Jeannette Walls’ 2005 memoir chronicles a hardscrabble childhood with unsparing detail about the depths of rural poverty and a real affection for Walls’ charismatic, irresponsible parents.
But the film struggles to get a handle on that combination, and ends up boiling down Walls’ experiences as a child (Ella Anderson and Chandler Head) and adult (Brie Larson) into a sentimental story that doesn’t feel nearly as lived-in and real.
Director Destin Daniel Cretton reunites with his “Short Term 12” star Larson, an Oscar winner who’s one of the movie’s three main assets — the others being Woody Harrelson and Naomi Watts as her parents Rex and Rose Mary Walls.

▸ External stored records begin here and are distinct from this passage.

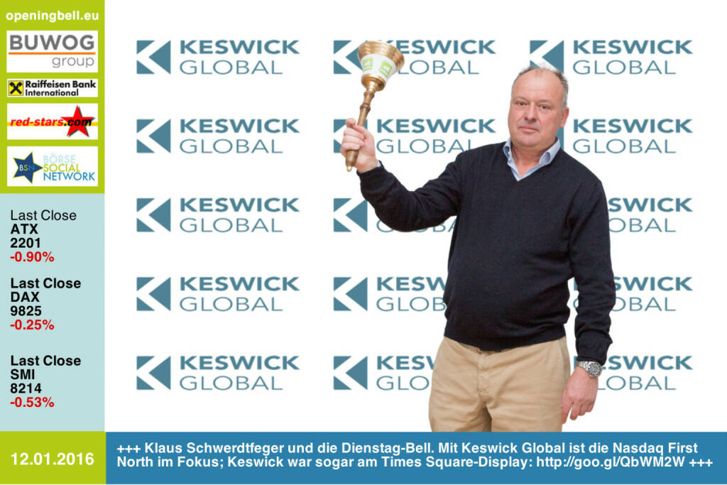 #openingbell am 12.1.: Klaus Schwerdtfeger und die Dienstag-Bell. Mit Keswick Global ist die Nasdaq First North im Fokus; Keswick war sogar am Times Square-Display: http://goo.gl/QbWM2W http://www.keswickglobal.com http://www.openingbell.eu
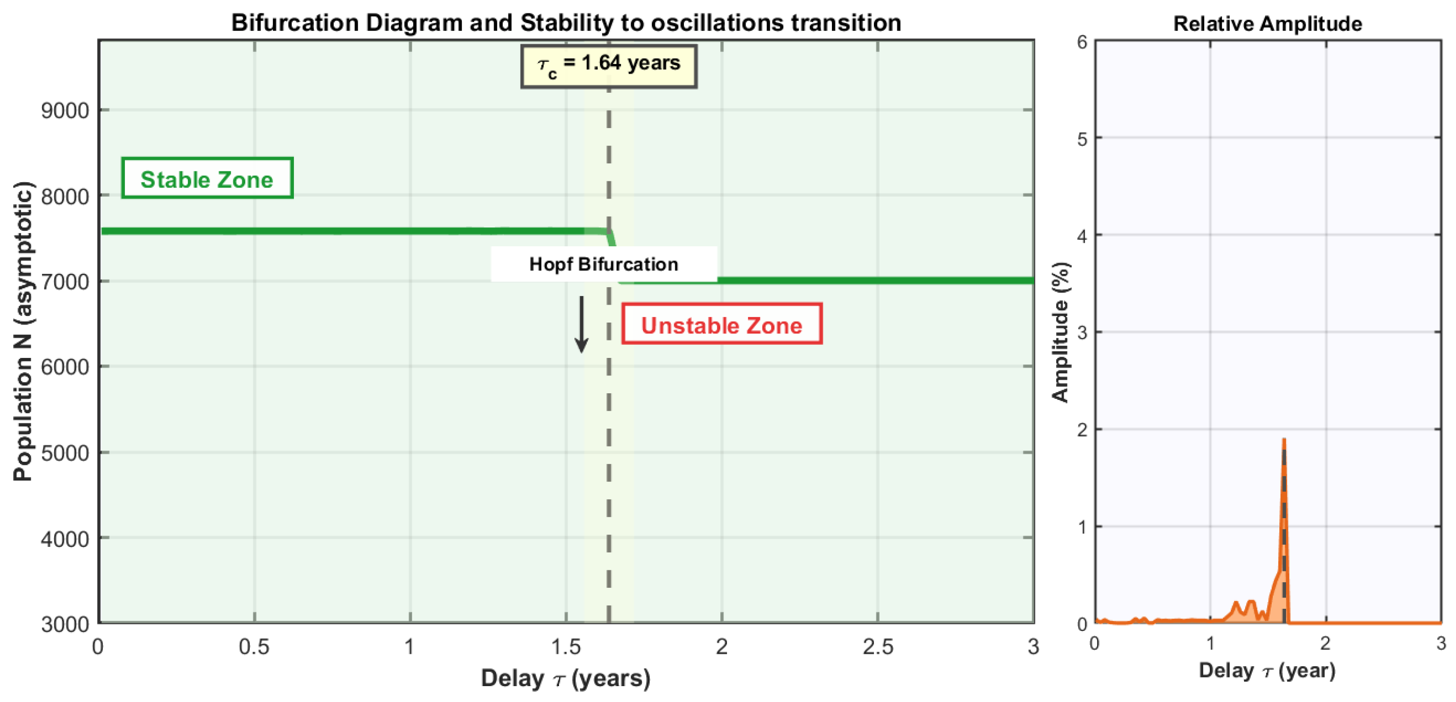 The amplitude of oscillations in the unstable regime is another striking aspect. For years, we observe excursions that bring the population to less than 15% of its equilibrium value. Such fluctuations would be catastrophic in a real context, suggesting that systems operating with cumulative delays in the order of 2 years or more are inherently vulnerable to cyclical demographic collapses.
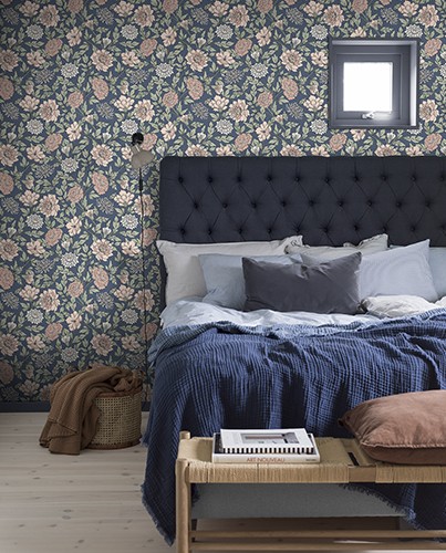 PAPEL PINTADO FLORAL AZUL NOCHE ARCHIBALD 86336406 - Papel & Deco
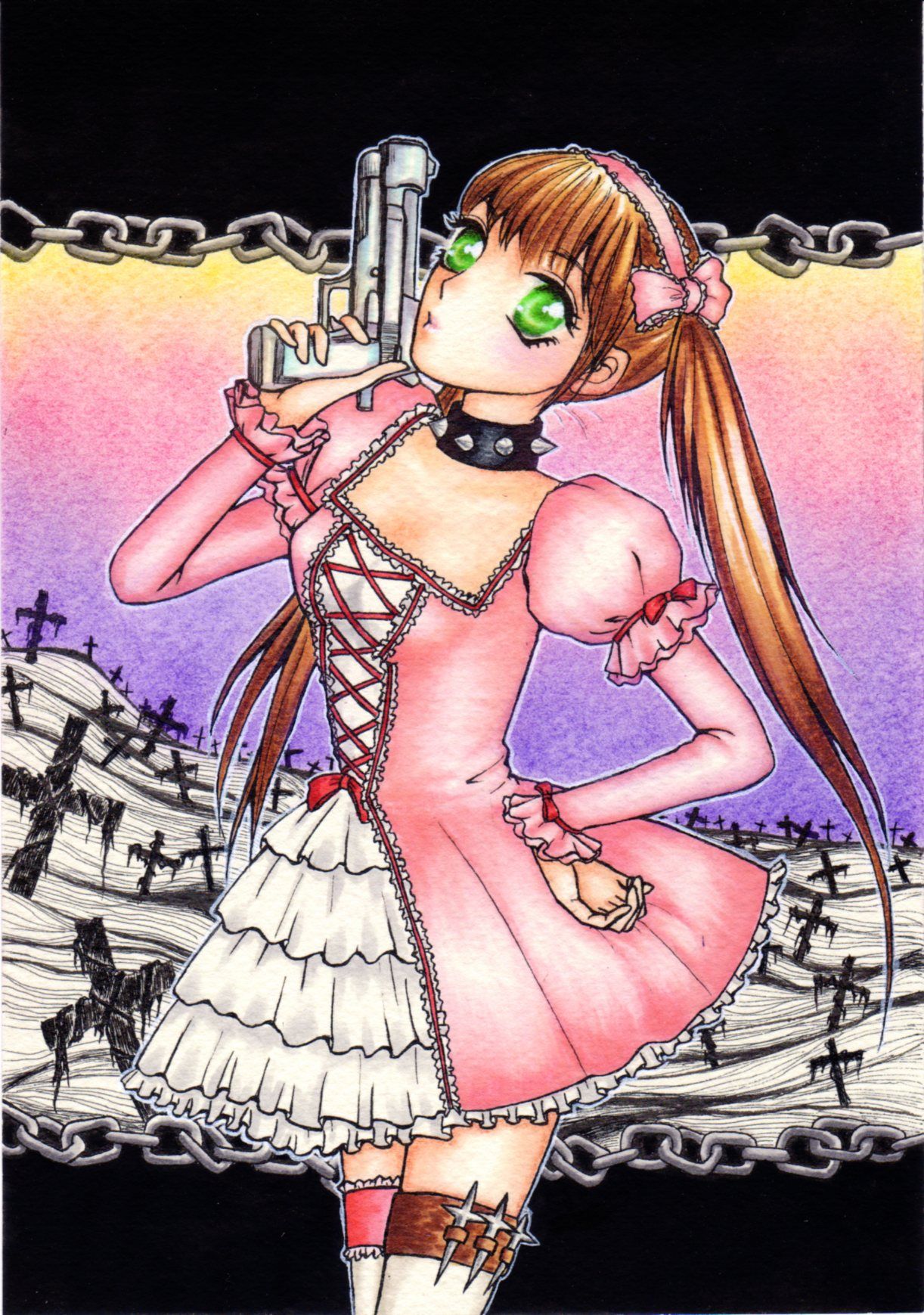 オリジナルキャラクターのアリスです。モンスターやクリーチャーハンターのロリータファッションの女の子、という設定です。
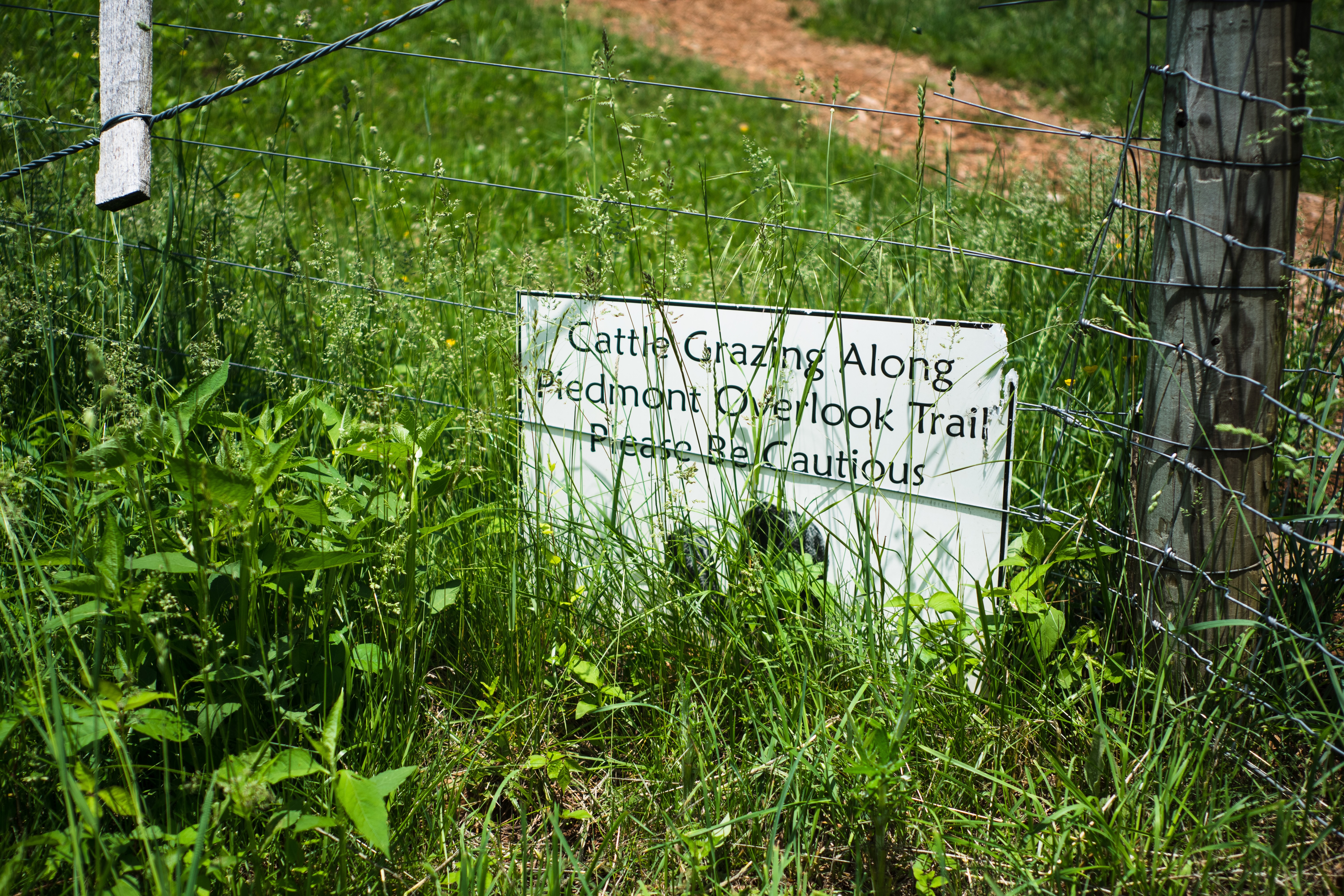 The photo captures a weathered sign amidst lush green foliage, warning hikers of cattle grazing along the Piedmont Overlook Trail. Soft sunlight filters through the grass, creating a tranquil yet cautionary mood in this pastoral setting. The gentle curve of the trail in the background adds depth, inviting viewers to reflect on the harmony between nature and caution.
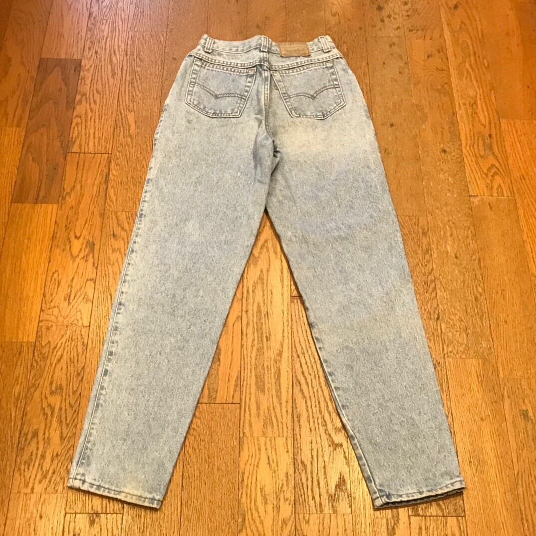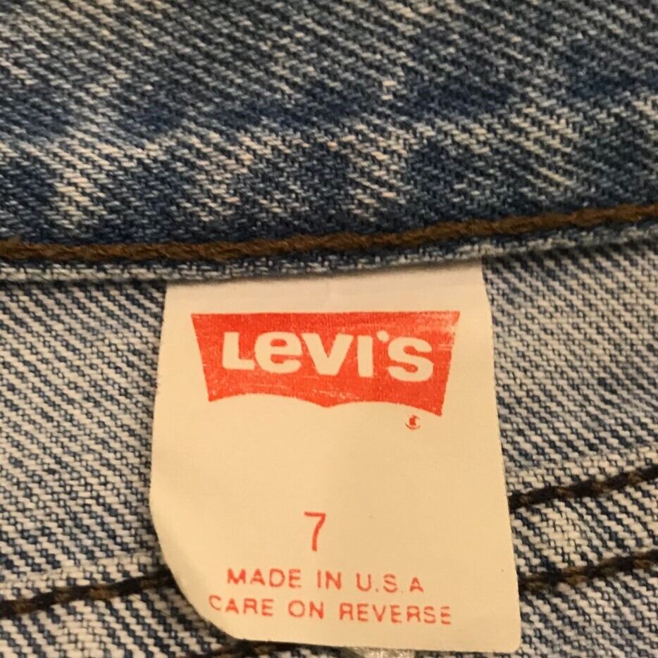 ■カラー:薄いブルー ■サイズ:表示 7(実寸ウエスト62cm、股下77cm、股上29cm、股幅29cm、裾幅15cm)多少の誤差はご了承ください。 ■素材:コットン100% ■原産国:U.S.A ■コンディション:古着並で目に付く汚れやダメージはありません。
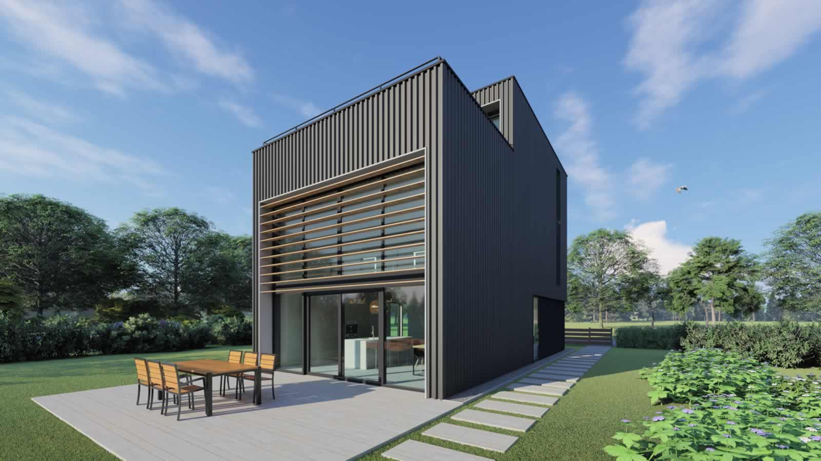 Deze kubistische woning over drie lagen is ontworpen in een stalen bouwsysteem. Ook deze woning heeft door het stalen bouwsysteem een vrije overspanning en geheel vrij indeelbare plattegronden. Door de geringe breedte van de woning is deze woning bij uitstek geschikt voor een binnenstedelijke oplossing, maar is natuurlijk ook op ruimere locaties een optie.
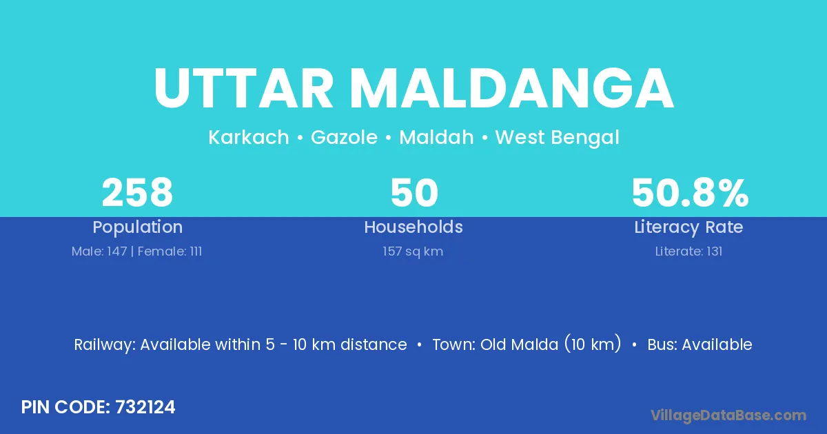 Old Malda (10 km) is the nearest town to Uttar Maldanga village for major economic activities and is located approximately 10 km away.
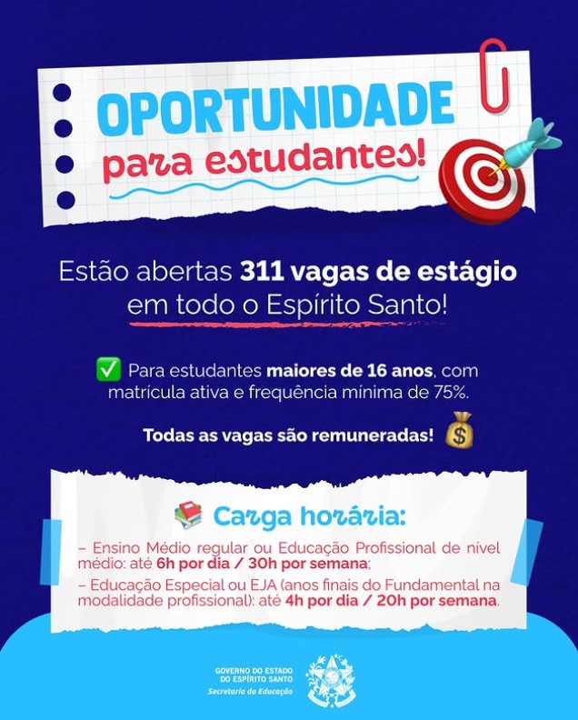 A iniciativa visa aproximar os estudantes de experiências práticas, contribuindo para o desenvolvimento de habilidades e o preparo para o mercado. Ao todo, são 311 vagas distribuídas em todo o Espírito Santo.

Larson’s Jeannette is a gossip columnist in 1980s New York, and engaged to a stockbroker type (Max Greenfield), who’s embarrassed by the hint of Appalachia that still clings to his fiancée — like when she asks, “Can you box this up for me?” in a fancy restaurant. The moment she spots her parents digging for trash in a Manhattan dumpster is the jumping-off point for flashbacks to her near-feral upbringing.
It’s a heavy lift for a director, portraying parental behavior that’s clearly negligent but also frequently thrilling for the young Walls clan. (Along with Jeannette, there’s her older sister Lori and her younger siblings Brian and Maureen.)
After a very young Jeannette is badly burned cooking for herself, her father soothes her embarrassment over the scars by telling her how unlike regular people they are: “We have fire in our bellies!” He rationalizes throwing a terrified Jeannette into the pool repeatedly, and even leaving his kids without food for days on end, as teaching them to fend for themselves in a hard world. Watts, as the free-spirited Rose Mary, can’t bring herself to leave her wild, alcoholic husband even as he imperils them all.
Meanwhile, the grown Jeannette attempts to reconcile life in the upper echelons of New York society with her memories, and with her parents living in a Lower East Side squat. A high point is when, watching her father goad her fiancé into an arm-wrestling match, she finally loses her urban poise and starts pounding on the table, screaming “Kick his ass!” with a West Virginia twang.
But in tracing her path to accepting the past, the film slips too easily into nostalgia. Harrelson gives Rex a roguish charm that illuminates how he always managed to get back into his family’s good graces, but the film seems to go a similar route. It’s so dazzled by the Walls patriarch that it never sees him as clearly as his author daughter did.